Define function terminal_payoff to compute the terminal payoff of a European put option.

\[H_T\left(S_T\right)=\max\left(K-S_T,0\right)\]
def terminal_payoff(ST, K):
    # ST   final stock price
    # K    strike
    payoff = max(K - ST, 0)
    return payoff
type(delta_S)
pandas.core.frame.DataFrame

Define spline basis functions

import bspline
import bspline.splinelab as splinelab

X_min = np.min(np.min(X))
X_max = np.max(np.max(X))
print('X.shape = ', X.shape)
print('X_min, X_max = ', X_min, X_max)

p = 4              # order of spline (as-is; 3 = cubic, 4: B-spline?)
ncolloc = 12

tau = np.linspace(X_min,X_max,ncolloc)  # These are the sites to which we would like to interpolate

# k is a knot vector that adds endpoints repeats as appropriate for a spline of order p
# To get meaninful results, one should have ncolloc >= p+1
k = splinelab.aptknt(tau, p) 
                             
# Spline basis of order p on knots k
basis = bspline.Bspline(k, p)        
        
f = plt.figure()
# B   = bspline.Bspline(k, p)     # Spline basis functions 
print('Number of points k = ', len(k))
basis.plot()

plt.savefig('Basis_functions.png', dpi=600)
X.shape =  (10000, 25)
X_min, X_max =  4.0249235249 5.19080277513
Number of points k =  17

png

type(basis)
bspline.bspline.Bspline
X.values.shape
(10000, 25)

Make data matrices with feature values

“Features” here are the values of basis functions at data points The outputs are 3D arrays of dimensions num_tSteps x num_MC x num_basis

num_t_steps = T + 1
num_basis =  ncolloc # len(k) #

data_mat_t = np.zeros((num_t_steps, N_MC,num_basis ))
print('num_basis = ', num_basis)
print('dim data_mat_t = ', data_mat_t.shape)

t_0 = time.time()
# fill it 
for i in np.arange(num_t_steps):
    x = X.values[:,i]
    data_mat_t[i,:,:] = np.array([ basis(el) for el in x ])

t_end = time.time()
print('Computational time:', t_end - t_0, 'seconds')
num_basis =  12
dim data_mat_t =  (25, 10000, 12)
Computational time: 54.07610297203064 seconds
# save these data matrices for future re-use
np.save('data_mat_m=r_A_%d' % N_MC, data_mat_t)
print(data_mat_t.shape)  # shape num_steps x N_MC x num_basis
print(len(k))
(25, 10000, 12)
17

Dynamic Programming solution for QLBS

The MDP problem in this case is to solve the following Bellman optimality equation for the action-value function.

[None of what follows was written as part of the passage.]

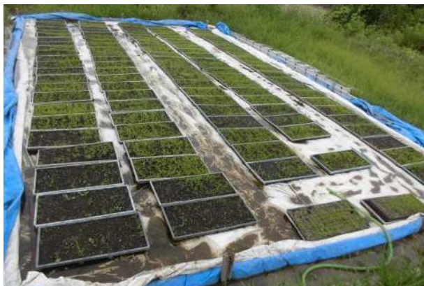
苗床プールで管理（箱下1cm程度を浸水させる）

\[Q_t^\star\left(x,a\right)=\mathbb{E}_t\left[R_t\left(X_t,a_t,X_{t+1}\right)+\gamma\max_{a_{t+1}\in\mathcal{A}}Q_{t+1}^\star\left(X_{t+1},a_{t+1}\right)\space|\space X_t=x,a_t=a\right],\space\space t=0,...,T-1,\quad\gamma=e^{-r\Delta t}\]

where \(R_t\left(X_t,a_t,X_{t+1}\right)\) is the one-step time-dependent random reward and \(a_t\left(X_t\right)\) is the action (hedge).

Detailed steps of solving this equation by Dynamic Programming are illustrated below.

With this set of basis functions \(\left\{\Phi_n\left(X_t^k\right)\right\}_{n=1}^N\), expand the optimal action (hedge) \(a_t^\star\left(X_t\right)\) and optimal Q-function \(Q_t^\star\left(X_t,a_t^\star\right)\) in basis functions with time-dependent coefficients. \(a_t^\star\left(X_t\right)=\sum_n^N{\phi_{nt}\Phi_n\left(X_t\right)}\quad\quad Q_t^\star\left(X_t,a_t^\star\right)=\sum_n^N{\omega_{nt}\Phi_n\left(X_t\right)}\)

Coefficients \(\phi_{nt}\) and \(\omega_{nt}\) are computed recursively backward in time for \(t=T−1,...,0\).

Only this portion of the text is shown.